19.    Governing law and disputes

This Agreement shall be governed by the substantive law of Sweden without regard to its conflict of law provisions.
Any dispute, controversy or claim arising out of or in connection with this contract, or the breach, termination or invalidity thereof, shall first be referred to Mediation in accordance with the Mediation Rules of the Arbitration Institute of the Stockholm Chamber of Commerce (“SCC”), unless one of the Parties objects. If one of the Parties objects to Mediation or if the Mediation is terminated, the dispute shall be finally resolved by arbitration administered by the SCC. The Rules for Expedited Arbitrations shall apply, unless the SCC in its discretion determines, taking into account the complexity of the case, the amount in dispute and other circumstances, that the Arbitration Rules shall apply. In the latter case, the SCC shall also decide whether the Arbitral Tribunal shall be composed of one or three arbitrators.
The seat of arbitration shall be Gothenburg, Sweden. The language to be used in the arbitral proceedings shall be Swedish.
The Parties undertake and agree that all arbitral proceedings conducted with reference to this arbitration clause will be kept strictly confidential. This confidentiality undertaking shall cover all information disclosed in the course of such arbitral proceedings, as well as any decision or award that is made or declared during the proceedings. Information covered by this confidentiality undertaking may not, in any form, be disclosed to a third party without the written consent of the other Party. This notwithstanding, a Party shall not be prevented from disclosing such information in order to safeguard in the best possible way its rights vis-à-vis the other Party in connection with the dispute, or if the Party is obliged to so disclose pursuant to statute, regulation, a decision by an authority, applicable stock exchange regulations or the regulations of any other recognised market place. In case this Agreement or any part of it is assigned or transferred to a third party, such third party shall automatically be bound by the provisions of this arbitration clause.

20.    Claims & returns

To make a claim or return you need to have a user account at fristads.com. If you do not yet have one, contact customer support and they will help you set one up.

Claim – Defect product

1.    Fristads guarantee to deliver a product that is faultless up on arrival according to section 7 in general agreement.

2.    Claims when the value of the product is less than 800 SEK excl. VAT:
Register your claim with the claim funtion on your order history page, enclose photos of the product. Save the item for 90 days, after that it can be discarded.  

3.    Claim when value of product is higher than 800 SEK excl. VAT
Register your claim with the claim function on your order history page. There you will find all steps for making the claim. You might be asked to enclose photos and adminitrate a return back to our warehouse . After submitting your claim we will contact you on what to do.

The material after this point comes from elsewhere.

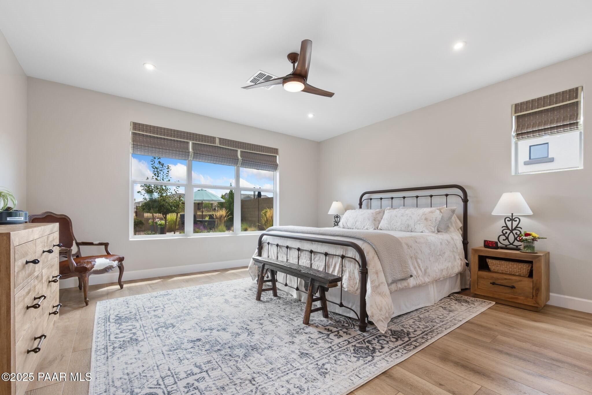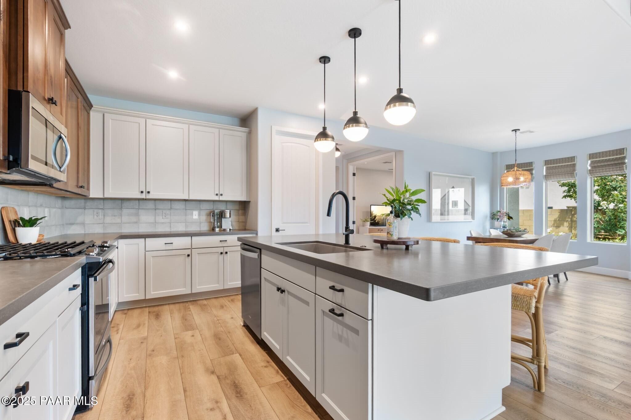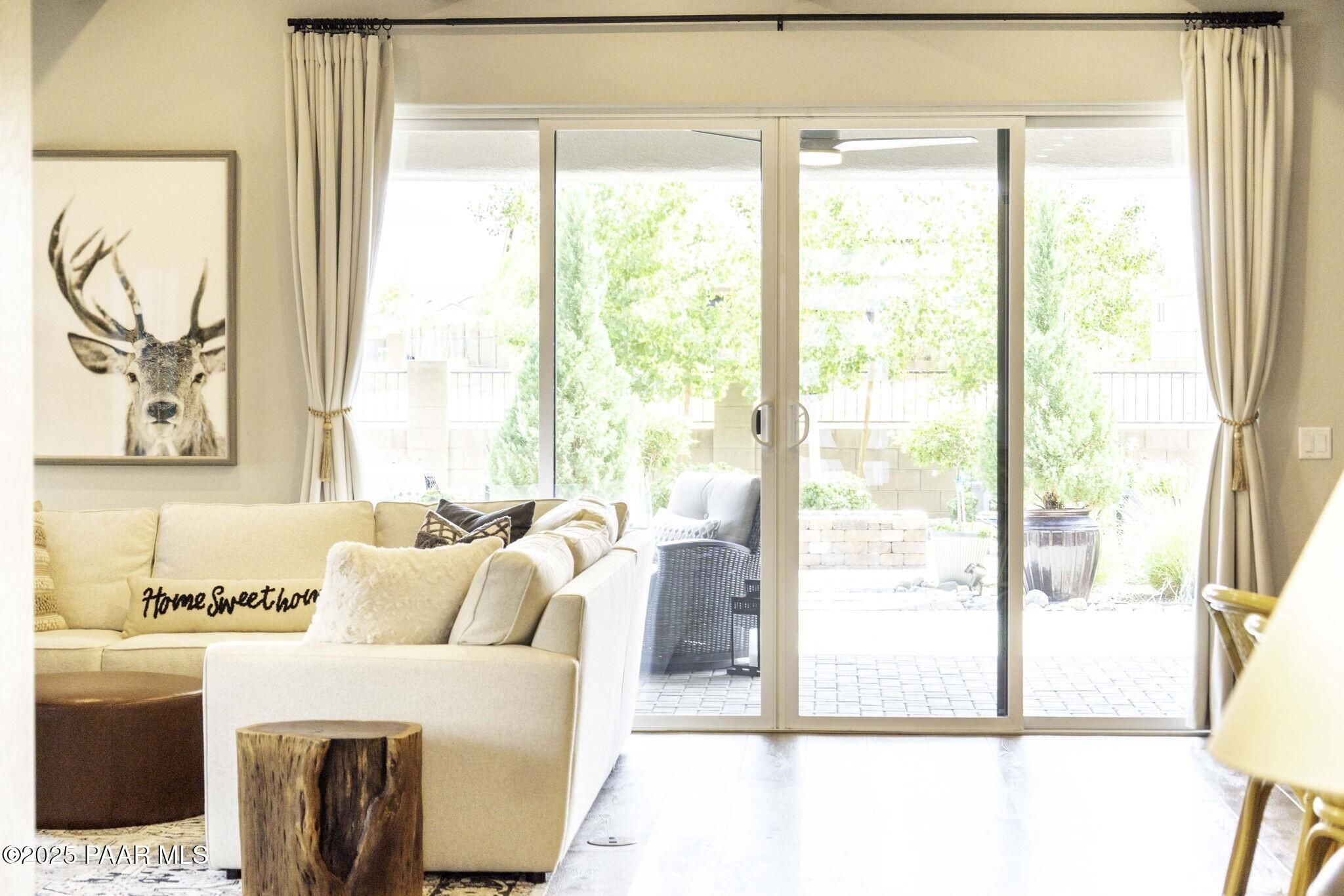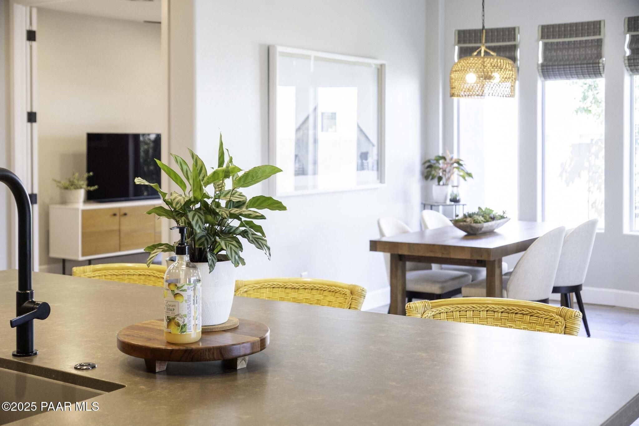 This immaculate, single-level home offers a luxurious and effortless lifestyle with no detail overlooked. Step inside to discover a bright, open floor plan that has been thoughtfully designed throughout with high-end finishes and impeccable craftsmanship. The gourmet kitchen is an entertainer's dream, featuring stainless appliances and a seamless flow into the main living areas. The master bedroom offers a private retreat, separated from the other bedrooms with a luxurious en-suite bathroom featuring a soaking tub, a large walk-in shower and double vanities creating a true spa-like atmosphere along with a large walk-in closet with built-in organization. Two additional bedrooms and a full bathroom are located on the opposite side of the home. A separate laundry room provides a dedicated and organized space. The light-filled interior creates an elegant atmosphere and easily transitions to the stunning outdoor spaces.Outside, your resort-like grounds await. The professionally landscaped yard is a picturesque setting for gatherings, boasting an extensive outdoor living area and a cozy fire pit for cool evenings under the stars. Take in the views while enjoying the fresh air from your private covered patio and large fenced in backyard. The home is also equipped with owned solar panels, offering significant long-term energy savings and a reduced carbon footprint for sustainable living. In addition to the efficient living space and outdoor oasis; a spacious 3-car tandem garage with epoxy floors provides ample room for vehicles, storage or a little workshop. This is more than a home; it's a turnkey retreat which is available to be purchased fully furnished as well for your immediate enjoyment. Located for convenience and designed for a sophisticated lifestyle, this home offers everything you've been looking for in the highly sought-after Granite Dells Estates community of Prescott. As a resident, you'll have access to the community's private clubhouse which includes a pool, fitness center, tennis and pickleball courts in addition to miles of walking and biking trails that allow you to explore the rugged beauty of the Granite Dells rock formations right from your doorstep. Live the life you've always dreamed of in this exquisite, thoughtfully designed sanctuary where every day feels like a vacation.

Claim – Wrong products delivered

1.    If you have received    wrong number of items or wrong items, go to your order history under Admin/My pages and make a claim.

Returns

1.    If nothing else is agreed, you as a reseller can return your order within 30 days for free. After 30 days you will have to pay a return fee of 350 SEK/35 € /35£ All items that are returned needs to be unused with original packaging and with all labels still on the item. If you want to return an item outside of what is agreed upon, please contact your Fristads representative. Products that are sent to Fristads without an approved return will be sent back to the customer.

To return an item you have to log in to fristad.com and go to your order history under Admin/MyPages. With a registered return you will get a return label. This step is mandatory to get a credit.